Speaking on Matt Stephens’ podcast, Riccitello was blunt about how he races. “During races, I basically do not use a power meter or heart rate monitor at all,” he explained. “I do not look at them to make decisions. After the race, I do check it. In training, I do look at the numbers again, but not during races themselves.”Racing by feel in a numbers era

That distinction matters. Riccitello is not rejecting data outright. He trains with it, analyses it afterwards and understands its value. What he resists is allowing numbers to dictate decisions in the heat of competition.

That philosophy runs counter to the system that has defined elite stage racing for more than a decade.
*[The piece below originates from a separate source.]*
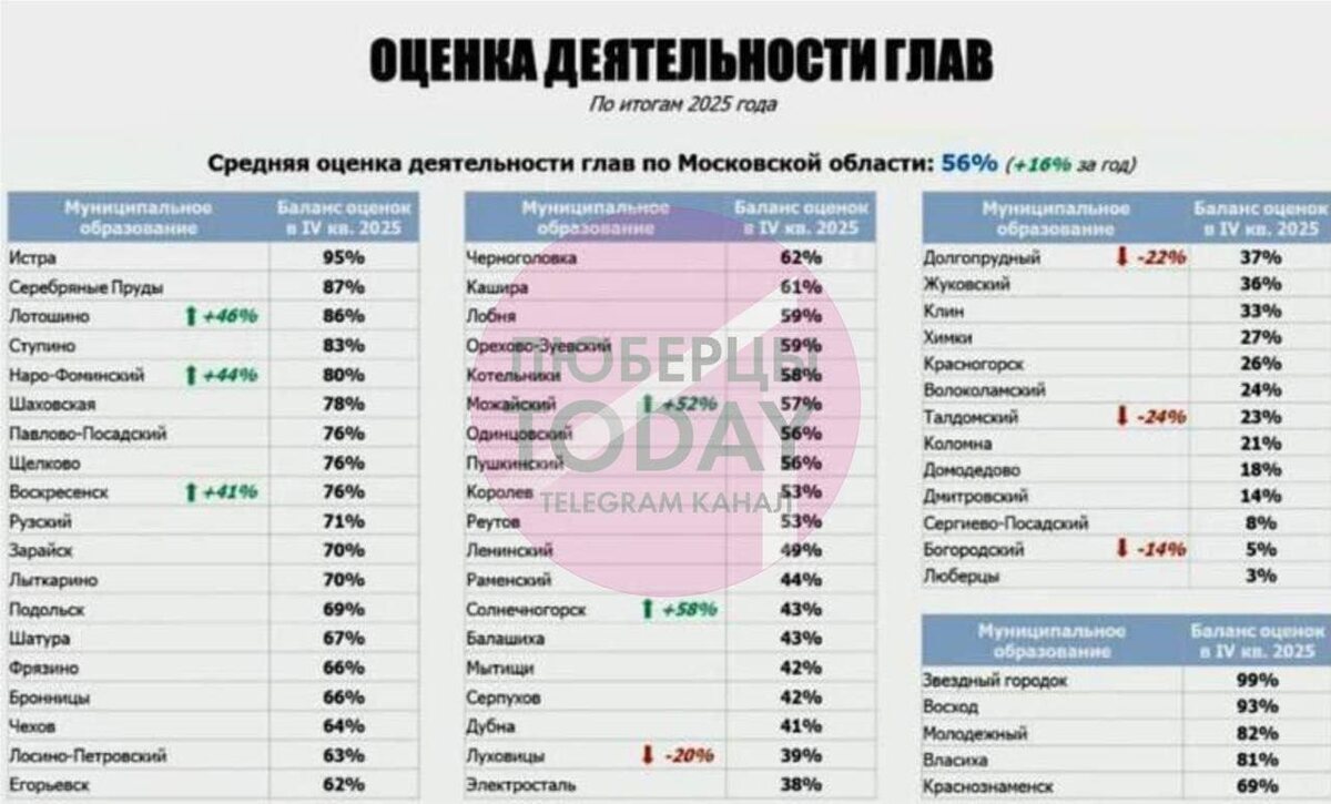 Подмосковье опубликовало годовой рейтинг глав муниципалитетов

The rise of Team Sky and later INEOS reshaped the peloton. Power meters moved from optional tools to essential equipment. Mountain pacing became pre-planned. Effort was managed, capped and controlled. Riding without numbers in a Grand Tour GC role became almost unthinkable.

Riccitello’s Vuelta was a reminder that another path still exists. On the penultimate day, he finished sixth on the Bola del Mundo, one of the race’s most unforgiving climbs. He did so without a power meter on the bike. “There were quite a few days at the Vuelta where I did not even have a power meter on my bike. Purely to make the bike a bit lighter,” he said. “On the Bola del Mundo, someone asked me how much power I had pushed on that climb. I was like, no idea.”
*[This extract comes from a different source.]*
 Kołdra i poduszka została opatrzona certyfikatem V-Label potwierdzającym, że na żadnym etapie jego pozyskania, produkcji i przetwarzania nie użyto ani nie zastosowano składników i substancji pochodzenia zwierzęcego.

It is not bravado. It is intent. “I am interested in data, and I do use it in training,” Riccitello added. “But in races, I do not think it is very crucial to have those numbers.”

A young rider with an old school edge

That mindset places Riccitello in a small modern minority. Pre-Sky era racing was not anti-science, but it allowed instinct to guide in race decisions. Riders learned limits in real time rather than calculating them in advance. Feel, not wattage ceilings judged attacks.
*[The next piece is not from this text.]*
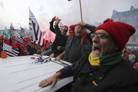 當(dāng)?shù)貢r間11月2日,在法國布列塔尼地區(qū)菲尼斯泰爾省省會坎佩爾,人們戴著抗稅斗爭象征的紅色便帽參加示威游行,抗議政府計劃開征“環(huán)保稅”,要求就業(yè)權(quán)。這個稅種由上屆薩科齊政府主張制定,原定于明年1月1日實施。法國總理埃羅當(dāng)日呼吁民眾不要使用暴力手段來解決該地區(qū)面臨的失業(yè)、經(jīng)濟蕭條和引發(fā)爭議的“環(huán)保稅”等問題,表示政府將繼續(xù)與民意代表以及經(jīng)濟界人士對話,尋求該地區(qū)發(fā)展之道。

Riccitello’s strength aligns neatly with that approach. He has described his ability to absorb repeated efforts as a core asset, and it is why Grand Tours appeal most. The longer a race lasts, the more it suits him. Fifth overall in Madrid was not framed as an endpoint, but as a starting marker.

For Decathlon CMA CGM, the appeal is obvious. A climber capable of surviving and thriving deep into a three-week race, yet unshackled enough to respond when the road rather than the screen demands it.

Cycling has not abandoned data, and it never will. But Riccitello’s success suggests the sport has not eliminated space for feel, either. In a peloton still living in the shadow of Team Sky’s legacy, that balance might be his quiet edge.